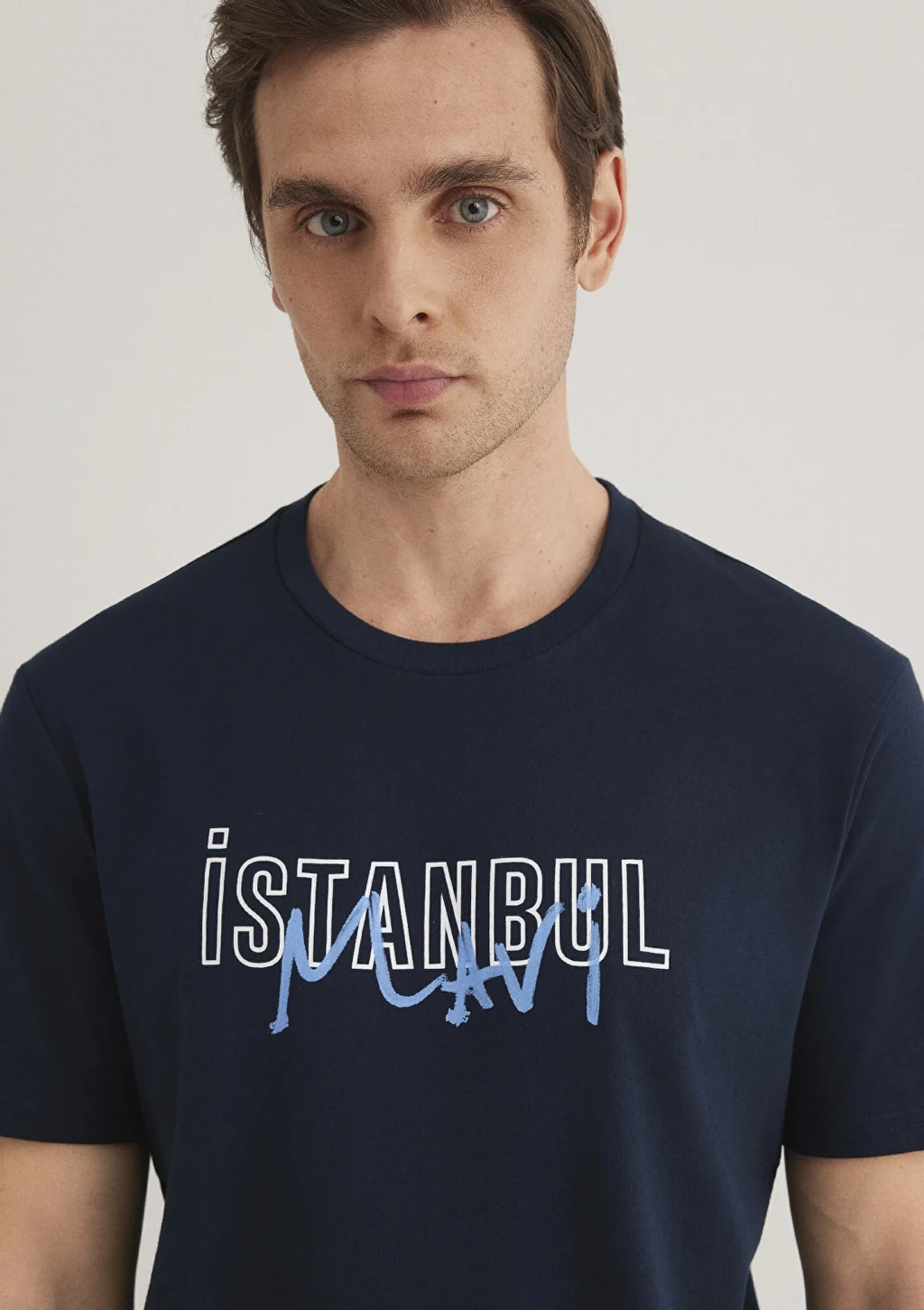 Bu yüzde yüz pamuklu tişört, orta ağırlıkta bir kumaşa sahip olup bisiklet yaka tasarımıyla öne çıkıyor. Lacivert renkteki düz dokusu ve ön kısmındaki İstanbul temalı baskısıyla dikkat çeken bu ürün, günlük kullanım için idealdir. Bu tişört, Mavinin İstanbul Tişörtleri Serisi orijinal ürünüdür. İstanbulun yaratıcılık ve tasarıma verdiği ilhamı gösterir, İstanbulda doğmuş bir moda fenomeninin parçasıdır, İstanbulu sevenlerin yarattığı modanın bir simgesidir. Bu tişörtü giyen dünyanın neresinde olursa olsun, İstanbuldan bir parçayı içinde taşıyor demektir.
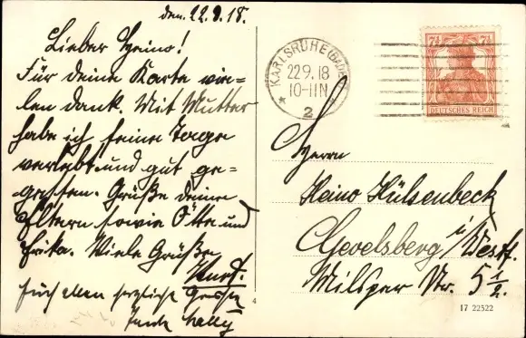 Zustand, siehe Scan, gelaufen, 1918 - ca 14 cm X 9 cm
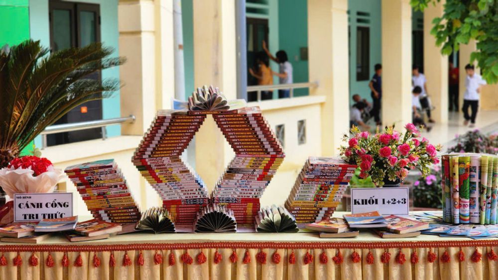 Từ những cuốn sách quen thuộc, các thầy cô đã khéo léo “thổi hồn” để tạo nên những tác phẩm nghệ thuật đầy ý nghĩa. Có mô hình thể hiện tình yêu quê hương, có mô hình tôn vinh tri thức, có mô hình gửi gắm thông điệp về ước mơ và tương lai. Mỗi tác phẩm không chỉ đẹp về hình thức mà còn chứa đựng tâm huyết, sự sáng tạo và tình yêu nghề của các thầy cô giáo. Nhiều em học sinh không giấu được sự thích thú, say mê khi được chiêm ngưỡng những “công trình” làm từ sách – những người bạn thân thiết trong hành trình học tập.
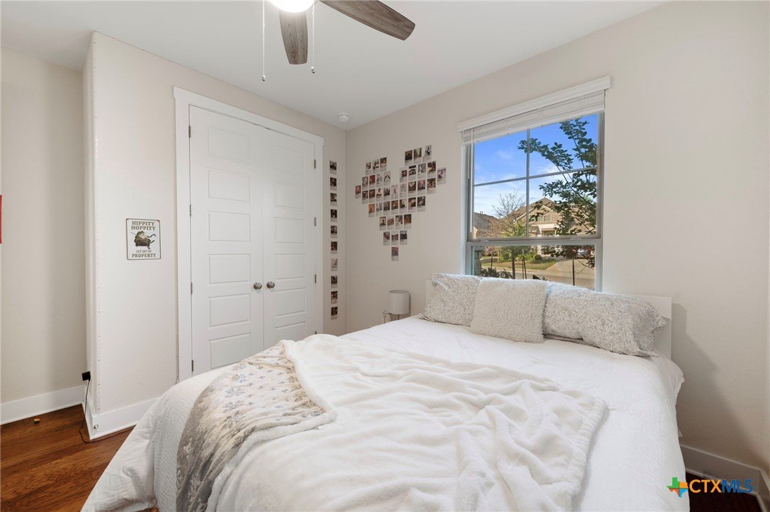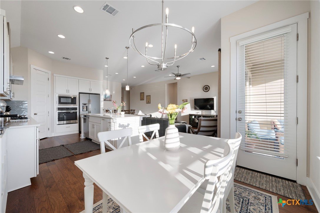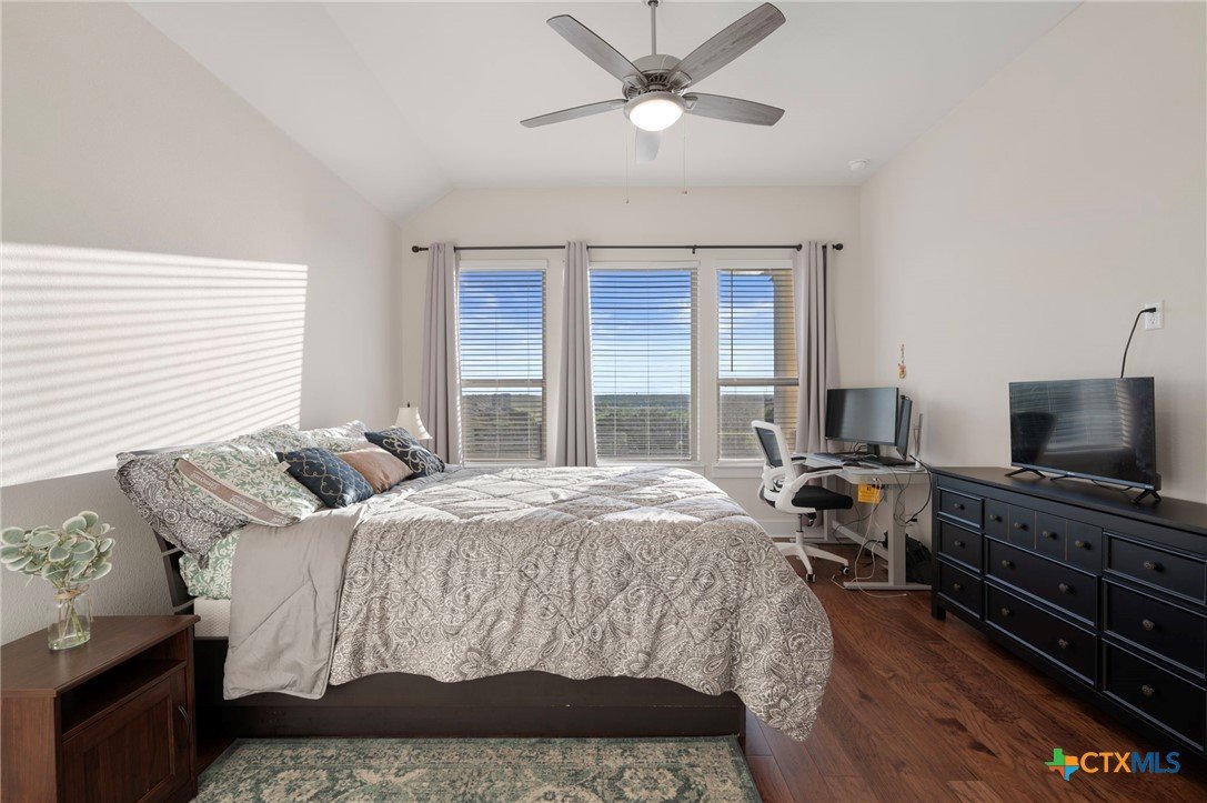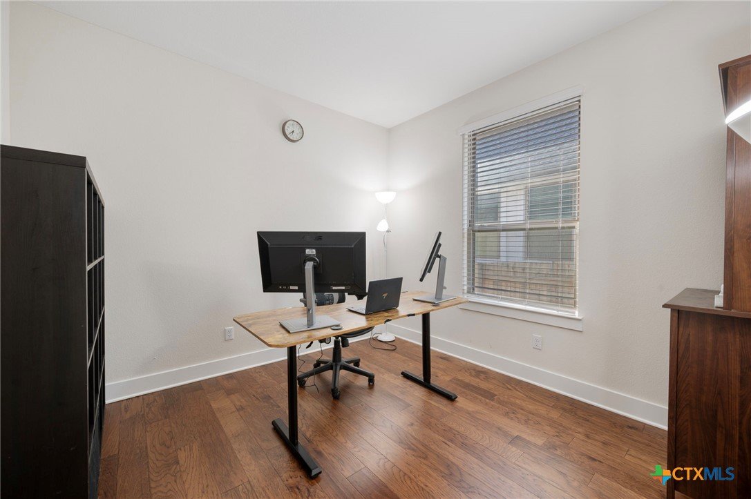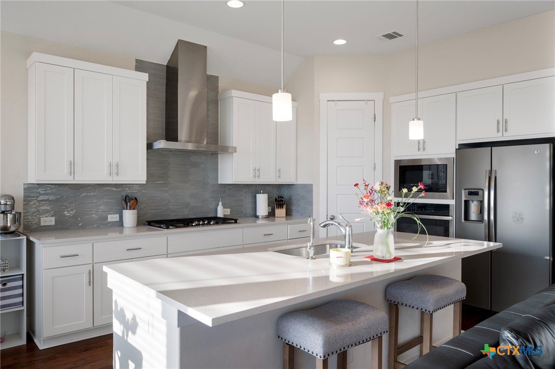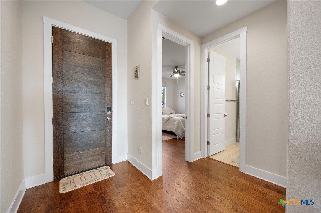 This beautifully maintained single-story home features 3 bedrooms, 2.5 baths, and a dedicated office, all set against a stunning backdrop of Hill Country and sunset views. An open floor plan with soaring ceilings and large windows fills the home with natural light, creating an inviting and airy atmosphere throughout. The gourmet kitchen boasts upgraded white cabinetry, sleek quartz countertops, and flows seamlessly into the living and breakfast areas, where you can enjoy breathtaking views from nearly every angle. Gorgeous wood flooring extends through the entire home, including all bedrooms and closets, adding warmth and elegance. The spacious primary suite offers a serene retreat, while the additional bedrooms and office provide flexibility and comfort. Step outside to a large backyard with no rear neighbors and take in the unobstructed views or explore the nearby scenic walking trails. Additional highlights include a 2.5-car garage with metallic epoxy flooring, a whole-house water softener and reverse osmosis system, and a separate, roomy laundry area. This home is a rare find combining privacy, upgrades, and natural beauty in a highly desirable community.
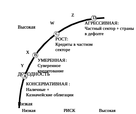Совокупность сочетаний доходности и сопряженных с ними рисков можно изобразить в виде кривой, на которой банк может занимать различные положения. Чем больше рисков банк будет готов принять, тем выше окажется ожидаемый доход. В частности, в точке C (кредитование бизнеса) он может получить доходность выше, чем в точке B (только суверенное кредитование).
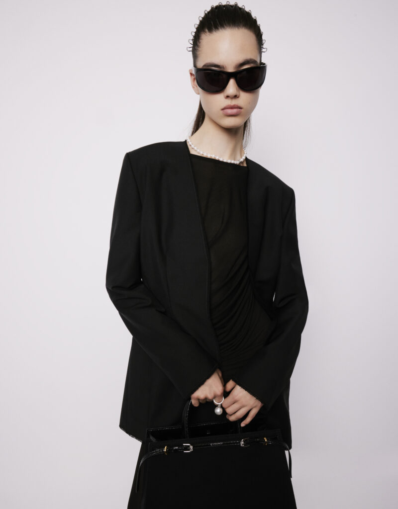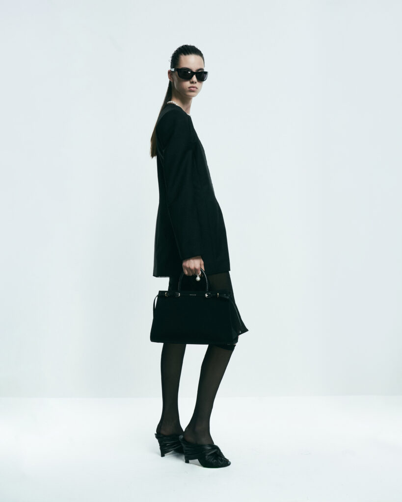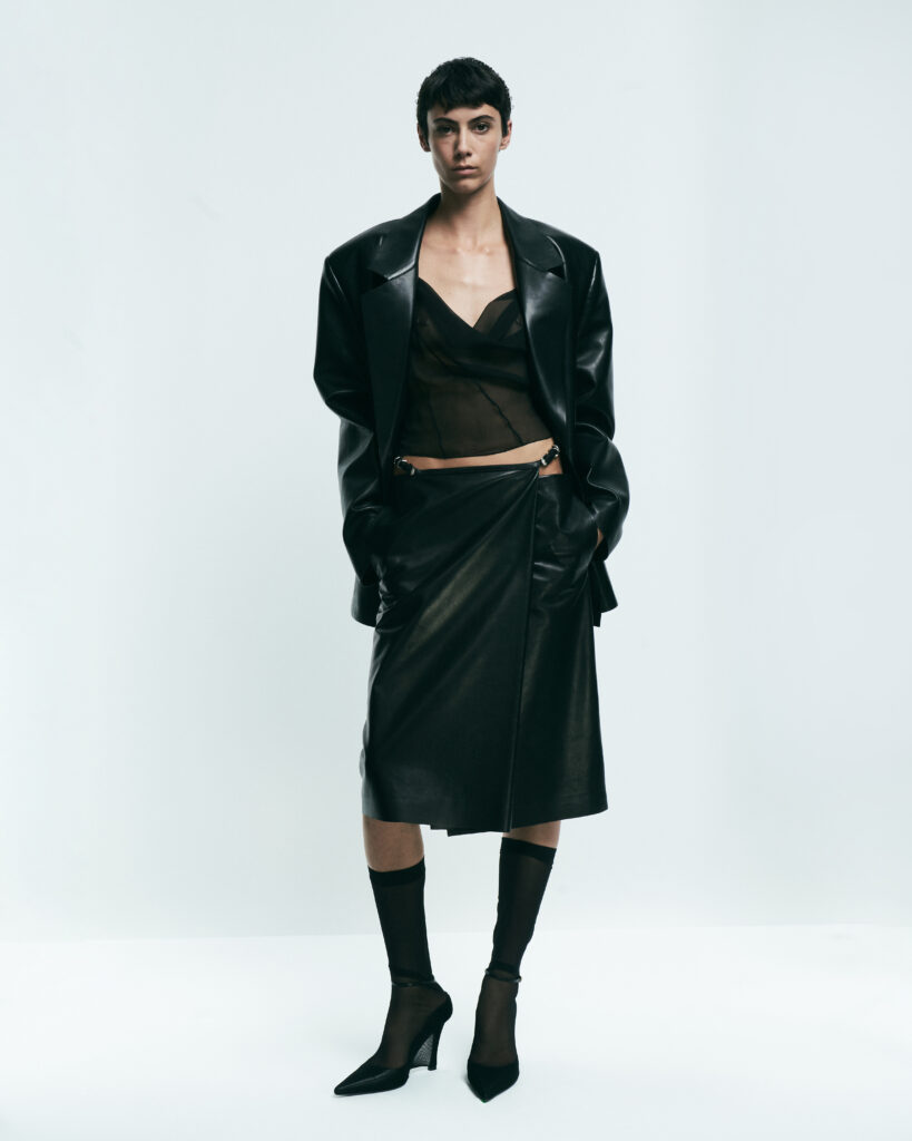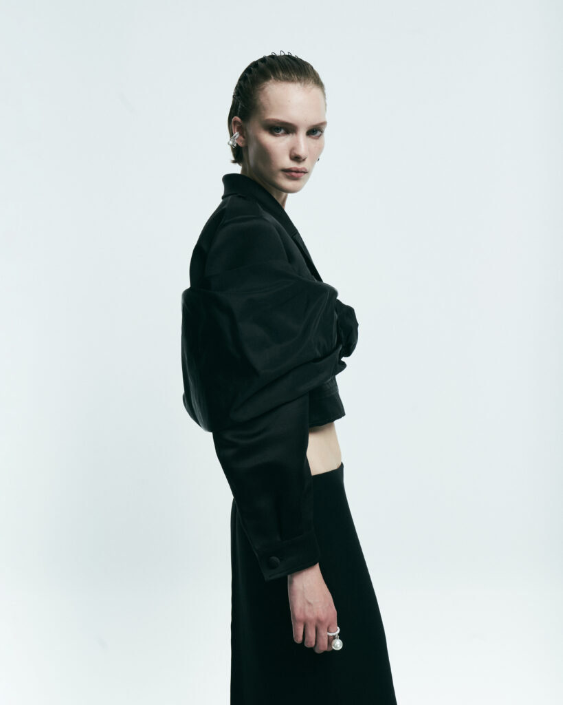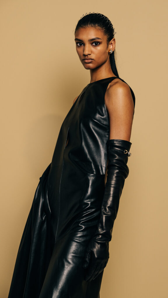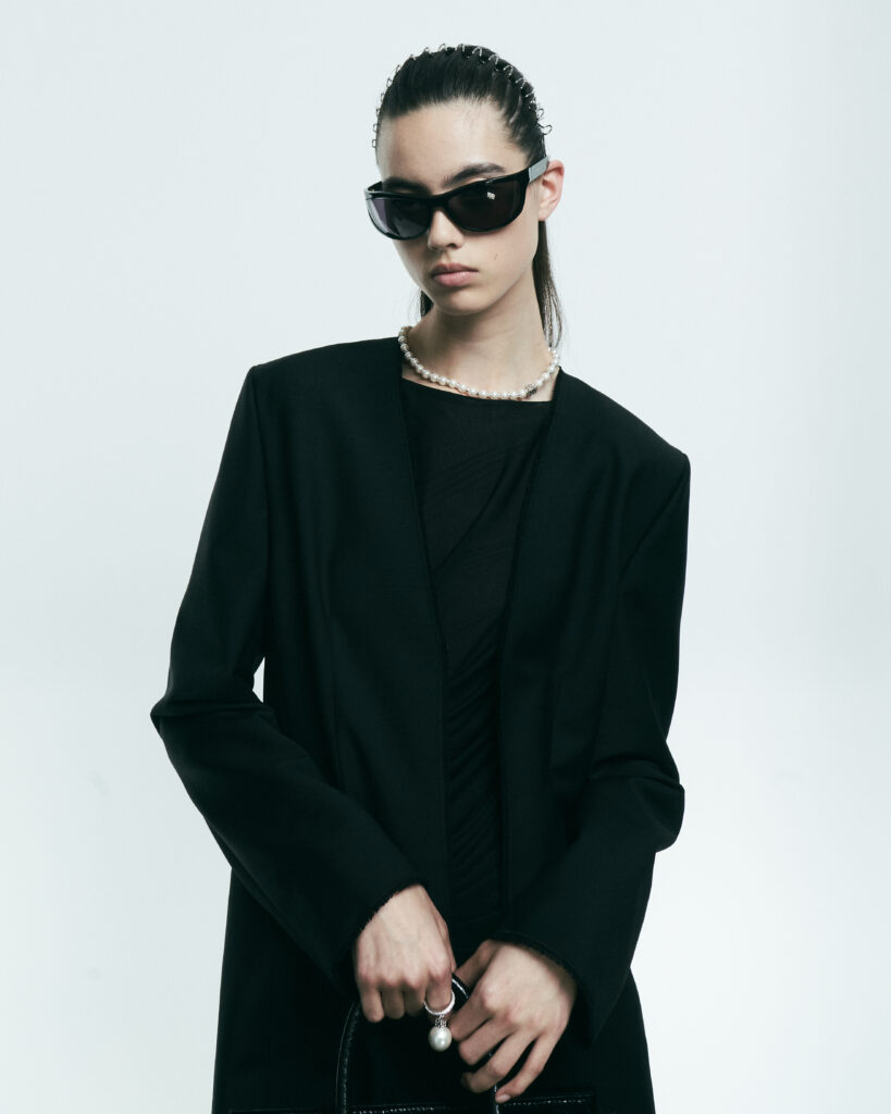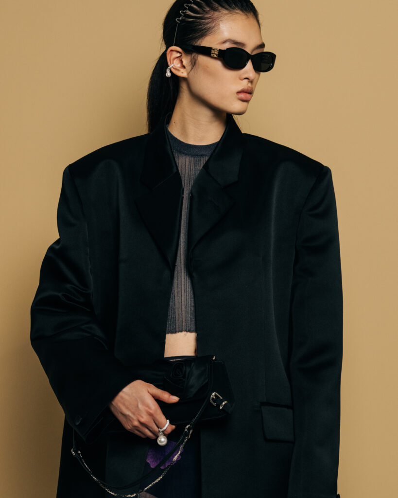La collection révèle un dialogue entre le rigide et le détendu, où la taille architectonique et les tissus de laine raffinée sont façonnés avec des courbes en demi-lune. Les dos ouverts plongeants ou ailés des vestes et des robes rappellent la langue de la haute couture, tandis que des blazers double boutonnage doucement structurés créent une silhouette enveloppante.
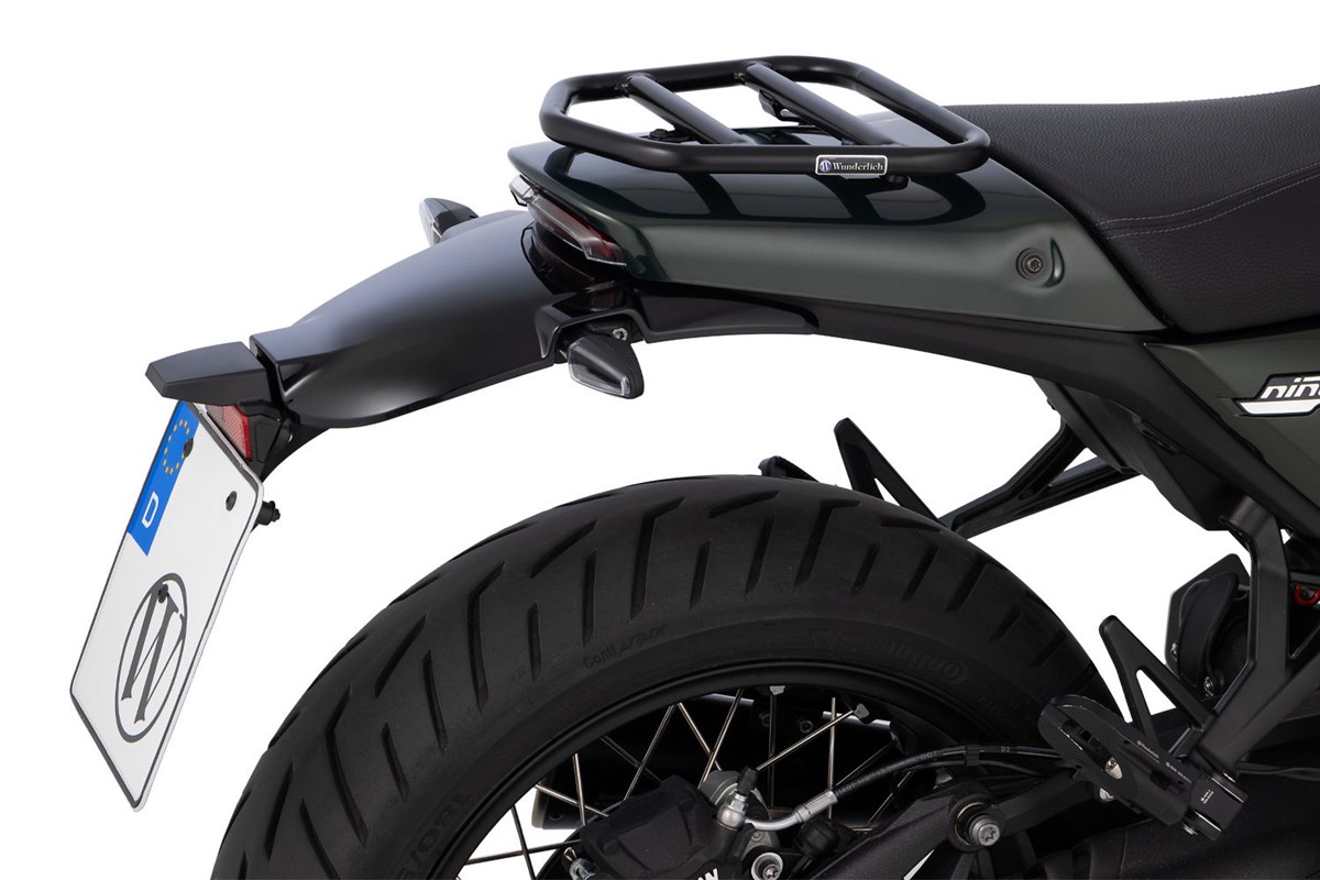 Perfekt passend fürs Customizen des Hecks: Zur Wahl stehen drei stilistisch differenzierte Kennzeichenträger: Ein fein gefräster und klassisch mittig angeordneter Wunderlich Kennzeichenträger oder die Versionen SWING oder LOW, die beide den freien Blick auf den Hinterreifen möglich machen. Passend zum Original-Farbton San Remo metallic einbaufertig lackiert.
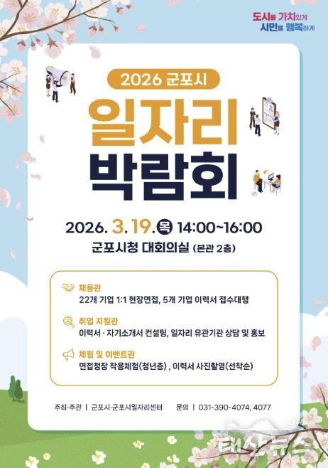 태산뉴스 이동욱 기자 | 군포시는 오는 3월 19일 오후 2시부터 시청 대회의실에서 ‘2026년 군포시 일자리 박람회’를 개최한다. 이번 박람회는 지역 내 우수 기업과 구직자가 직접 만나는 채용의 장으로 제조, 서비스, 물류배송, 의료복지 등 다양한 분야에서 폭넓은 취업 기회를 제공할 예정이다.
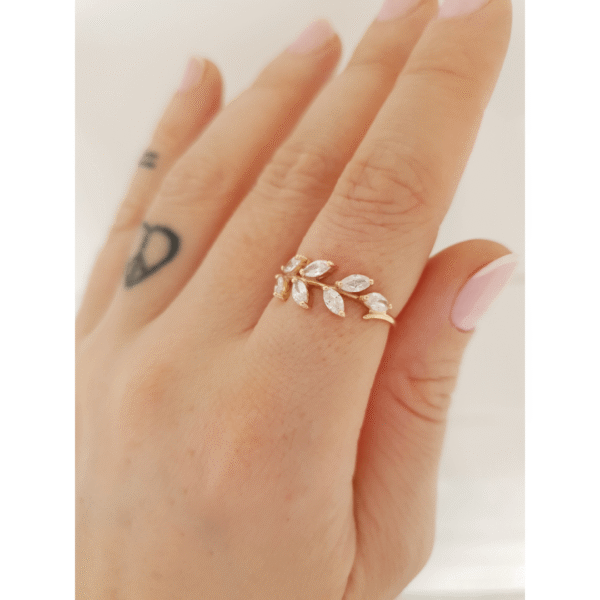 Anel Folhas modelo CS728, disponível em ouro maciço 10k e em ouro maciço 18k.

★ ★ ★

### EXERCISE GOAL
Starting at the top of the listing above, please restate word for word each line up to and including the one that holds "Zustand, siehe Scan, gelaufen, 1918", omitting every image.

### TASK RESPONSE
 Bu yüzde yüz pamuklu tişört, orta ağırlıkta bir kumaşa sahip olup bisiklet yaka tasarımıyla öne çıkıyor. Lacivert renkteki düz dokusu ve ön kısmındaki İstanbul temalı baskısıyla dikkat çeken bu ürün, günlük kullanım için idealdir. Bu tişört, Mavinin İstanbul Tişörtleri Serisi orijinal ürünüdür. İstanbulun yaratıcılık ve tasarıma verdiği ilhamı gösterir, İstanbulda doğmuş bir moda fenomeninin parçasıdır, İstanbulu sevenlerin yarattığı modanın bir simgesidir. Bu tişörtü giyen dünyanın neresinde olursa olsun, İstanbuldan bir parçayı içinde taşıyor demektir.
 Zustand, siehe Scan, gelaufen, 1918 - ca 14 cm X 9 cm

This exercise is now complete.